High-quality relationships among healthcare professionals are crucial for organizational resilience. They enable efficient information flow, quick decision-making, adjusting workflows and (re)distributing resources - crucial activities for timely and flexible adaptation while maintaining functional stability to continuously provide high-quality care. However, there is a lack of consensus regarding the characteristics of such resilience-enabling intra-organizational relationships. This article aims to provide conceptual clarity regarding the key characteristics of high-quality, resilience-enabling relationships within healthcare organizations.
A scoping literature review was conducted in January of 2025, resulting in 30 literature contributions that provide insights regarding the research aim.

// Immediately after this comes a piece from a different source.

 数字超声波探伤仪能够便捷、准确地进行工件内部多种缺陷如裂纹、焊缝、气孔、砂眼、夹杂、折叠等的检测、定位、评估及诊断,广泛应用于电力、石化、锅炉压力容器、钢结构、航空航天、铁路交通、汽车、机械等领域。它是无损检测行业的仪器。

The literature review provides a broad overview of affective, cognitive, behavioral and structural relationship characteristics that are related to organizational resilience according to the findings of interdisciplinary research. Based on this overview, a four-dimensional theoretical model is derived and proposed to provide conceptual clarity.

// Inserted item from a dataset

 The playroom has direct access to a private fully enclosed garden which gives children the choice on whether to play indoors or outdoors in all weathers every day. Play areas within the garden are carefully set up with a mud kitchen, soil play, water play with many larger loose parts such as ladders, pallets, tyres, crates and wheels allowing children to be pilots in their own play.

The overview of affective, cognitive, behavioral and structural relationship characteristics enables healthcare organizations to systematically assess and shape relationship qualities that underpin resilient action. It highlights which exact relationship characteristics should be prioritized to sustain coordination, adaptability, resource and information flow, and stability in challenging situations.
Existing resilience literature lacks a consistent differentiated understanding of the concrete relationship qualities that promote organizational resilience, particularly in dynamic and complex environments like healthcare. This article fills this gap in resilience literature, finally proposing a conceptual model regarding characteristics of intra-organizational relationships that enable resilient action and thus create the basis for organizational resilience.